Валко вскочил и схватил кресло, готовясь использовать эту неуклюжую защиту. Жрец Смерти взмахнул рукой — и юноша почувствовал, как силы покидают его тело. Через несколько секунд он уже не мог удерживать кресло, и оно с грохотом упало. Новый жест жреца — и силы начали возвращаться.
— Ты бессилен против нас, юный воин, — произнес жрец. — Но знай: мы искренне желаем тебе жизни.
— Как это возможно? — опершись на спинку упавшего кресла, Валко ждал полного восстановления сил. — Отец говорит, что один из нас умрет сегодня.

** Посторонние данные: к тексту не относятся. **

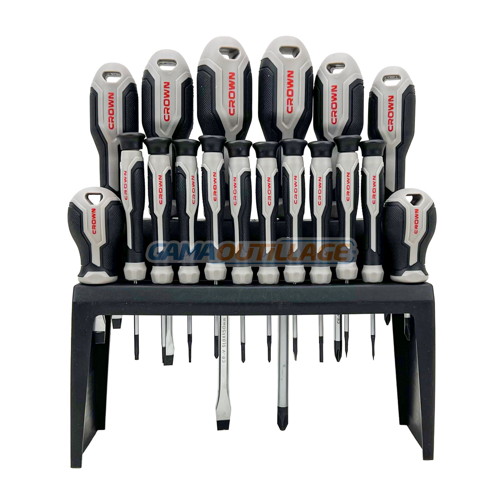 JEUX TOURNEVIS 18PCS CROWN, est un ensemble de tournevis complet et polyvalent qui vous permettra de réaliser tous vos travaux de bricolage. Il comprend une variété de tournevis à tête plate et cruciforme.
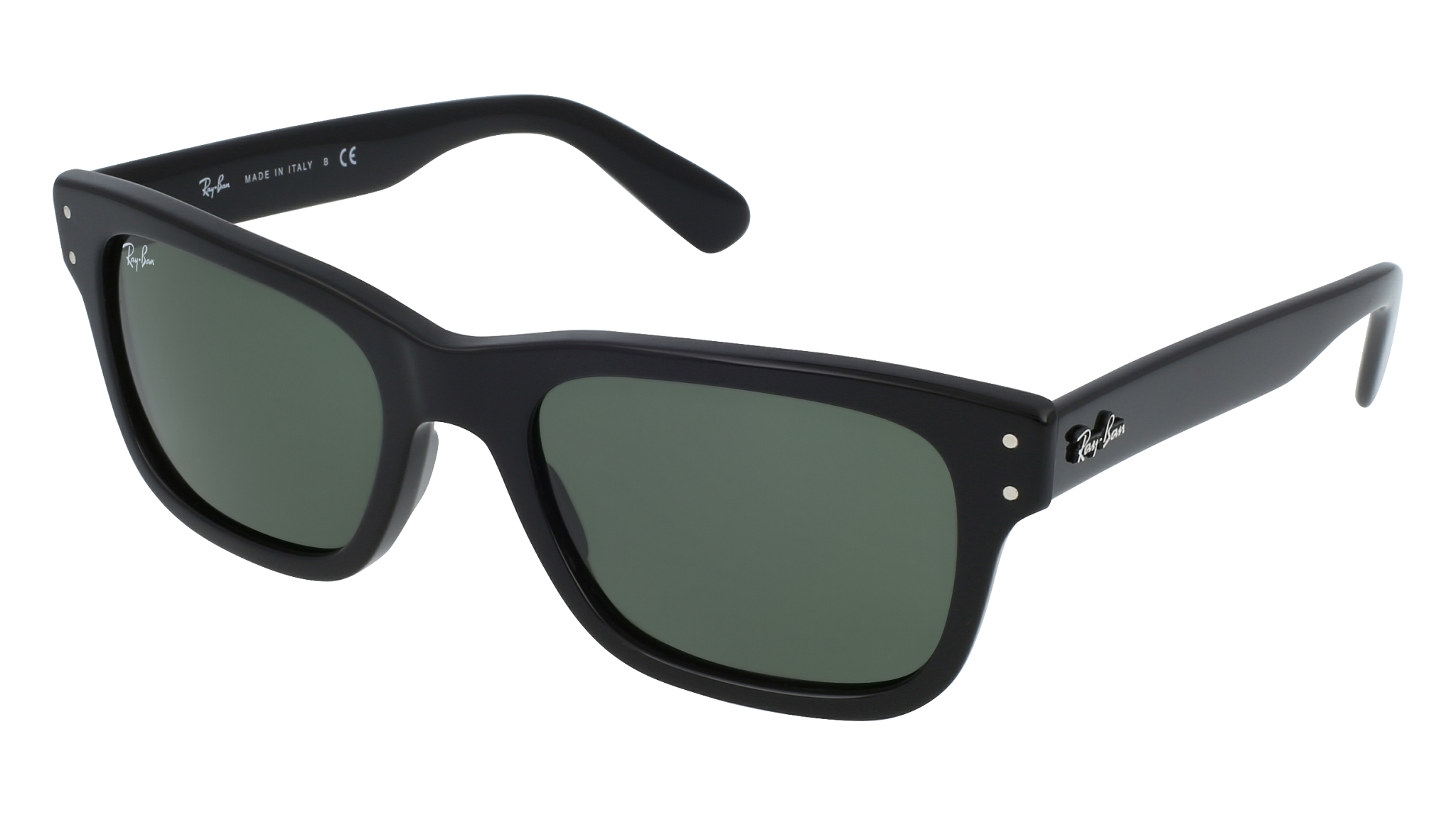 Óculos de sol Ray-Ban RB2283 Mr Burbank 901/31 para homem, formato retangular em acetato, cor Preto. Lentes em g-15 verde. Medidas 52-20-145 mm.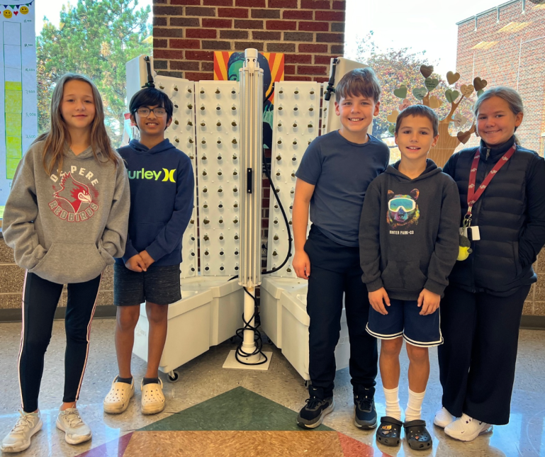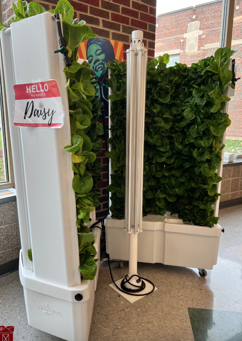 “It’s a way to educate and display the growth of lettuce,” said Brandenburg. “The towers are mobile and can easily be moved between classrooms and the cafeteria, providing a dynamic learning experience for students of all ages.”

Неужели он чувствует бремя лет и жаждет достойной смерти так скоро?
— Именно это он и имеет в виду, — подтвердил Жрец Смерти.
Аруке вновь жестом велел Валко занять место, и тот нехотя опустился в кресло.
— То, что ты услышишь сегодня, началось столетия назад, — начал отец. — В день, подобный этому, одного из моих прадедов привели в эту самую комнату, где четверо мужчин сидели точно так же, как сейчас. Ему рассказали то, во что он едва мог поверить, но когда ночь сменилась рассветом, он остался жив — и полностью принял услышанное.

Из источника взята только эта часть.